Friday, December 18, 2009
Pumpkin Spice Trifle
1 (15-ounce) can pumpkin puree - mind you this is not pumpkin pie filling.
1 teaspoon [good] vanilla ...
1 teaspoon ground cinnamon
1/2 teaspoon ground ginger
1 pinch ground cloves
1 pinch salt
1 (7.5-ounce) jar marshmallow cream, divided
3 cups chopped gingersnap cookies
3 tablespoons dark rum
Gather your infantry of bowls... you're going to need quite a few for this dessert!

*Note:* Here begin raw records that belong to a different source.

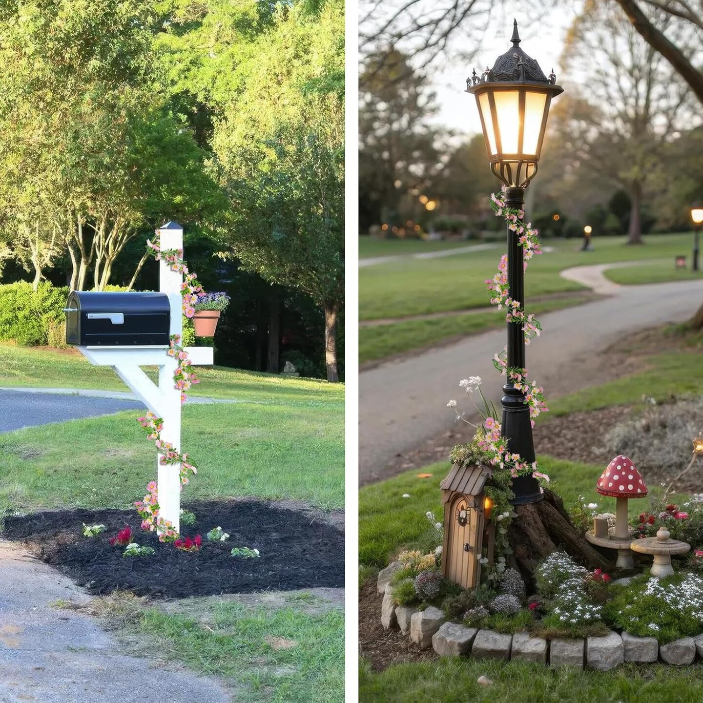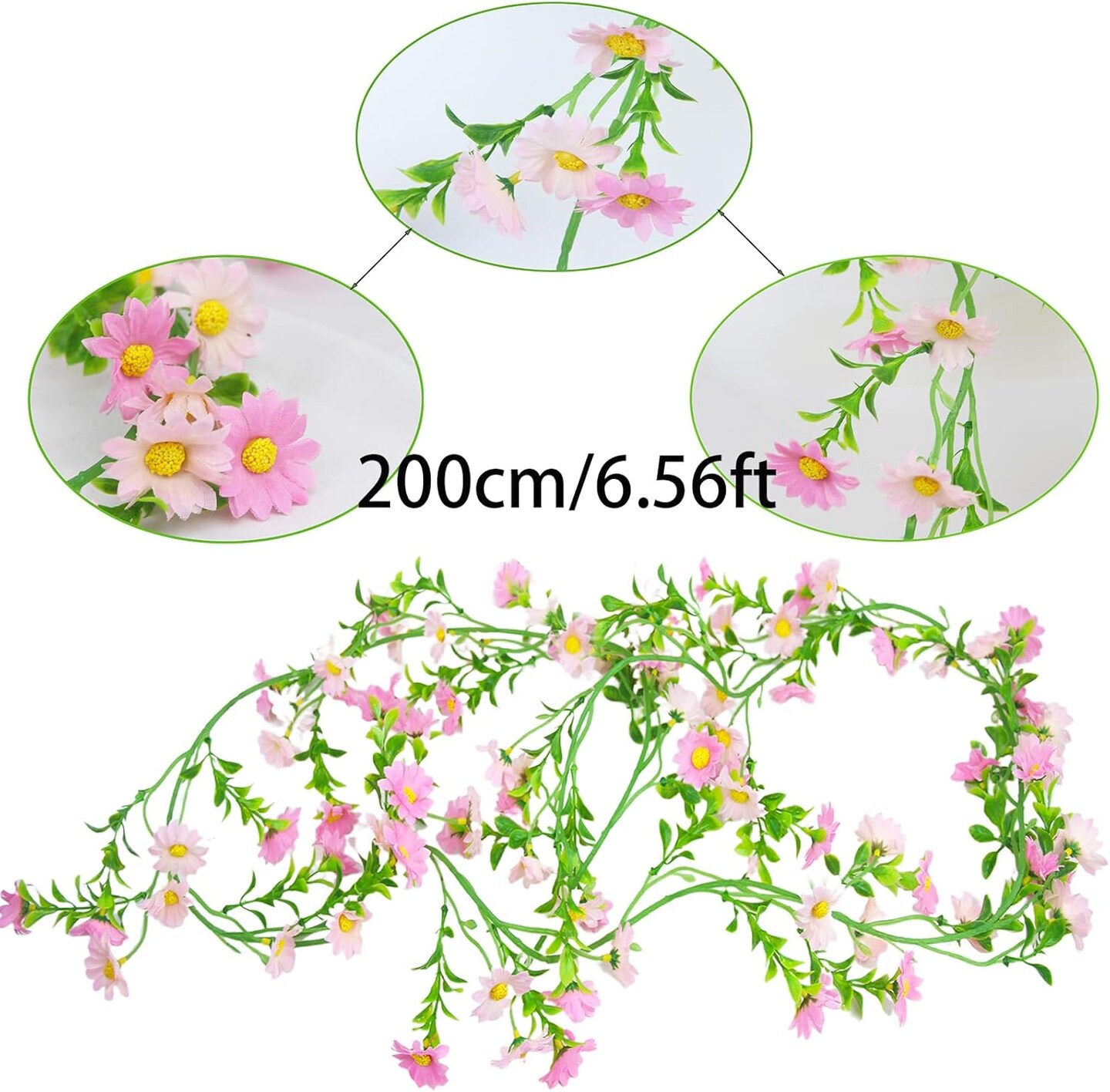 Spring Floral Garlands – Artificial Daisy Flower Vine, Silk Wildflower Garland with Light Pink Daisies & Green Leaves, Hanging Floral Vine for Wall, Wedding Arch, Party Decor Indoor & Outdoor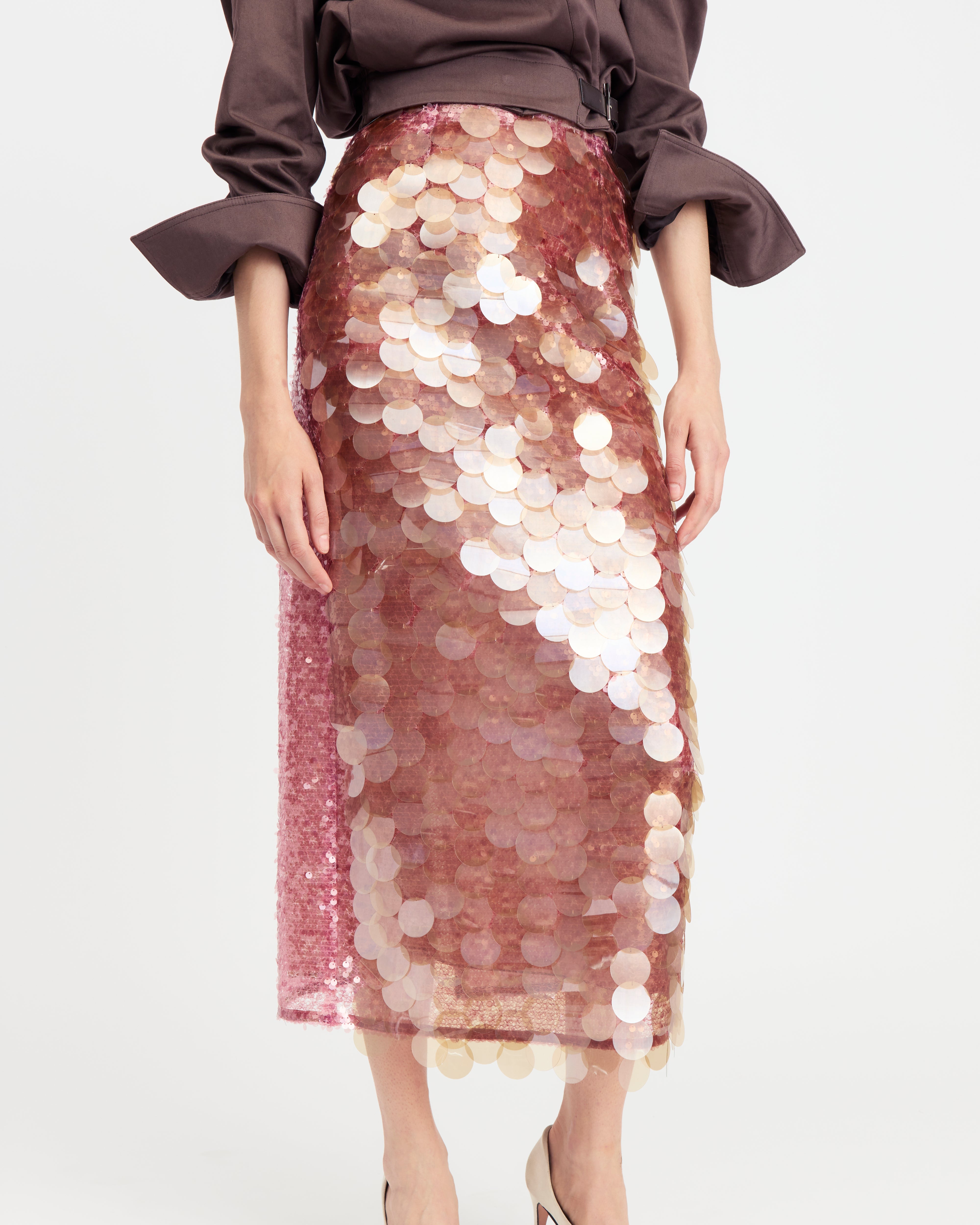 The Dia skirt is cut from a rose pink sequin base, layered with hand-embroidered large nude paillette sequins. Each panel is individually hand-cut, creating a meticulously layered effect and ensuring that every piece is unique. The high-waisted column silhouette falls below the knees, combining precise construction with the tactile richness of the sequins.
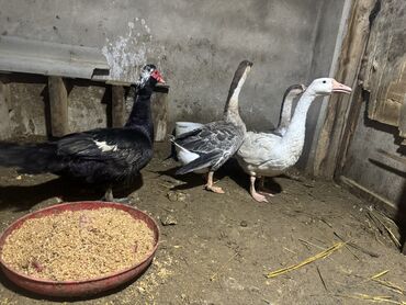 Satlıq qaz və ördək sürüsü - Növ: kənd təsərrüfatı quşları – qazlar və ördəklər - Tərkib: əsasən ağ rəngli qazlar (narıncı dimdik və pəncəli), aralarında 1–2 boz/ala qaz; bir neçə ördək (qara, yaş...

In a medium bowl, beat the heavy cream until stiff. Set aside 2 cups of the whipped cream in a small bowl and refrigerate until ready to serve trifle.
Pumpkin Mousse: In a large bowl, stir together the pumpkin, vanilla, cinnamon, ginger, clov es, and salt. Fold in 1/2 of the marshmallow cream, then 1/2 of the remaining whipped cream. DO NOT OVER MIX- just fold gently. Repeat and fold in the remaining 1/2 marshmallow cream and remaining 1/2 of the whipped cream until combined. If you over mix this- you will have flat whipped cream... no body wants that.
In a small bowl, sprinkle the chopped gingersnap cookies with rum.
Spoon 1/3 of the pumpkin mousse into the trifle bowl, spreading evenly... Try to make sure it goes up the edges of the bowl a little bit so you can see it from the outside! Sprinkle 1/2 of the gingersnap cookies on top. Spoon another 1/3 of the pumpkin mousse over the cookies. Repeat with the remaining 1/2 of the remaining gingersnap cookies, then top with the final layer of pumpkin mousse. Cover with plastic wrap and refrigerate at least 1 hour and up to 4 hours.
Just before serving this masterpiece, top with the reserved 2 cups whipped cream and sprinkle with the crushed gingersnaps.
There, my friend, you have just made a beautiful trifle!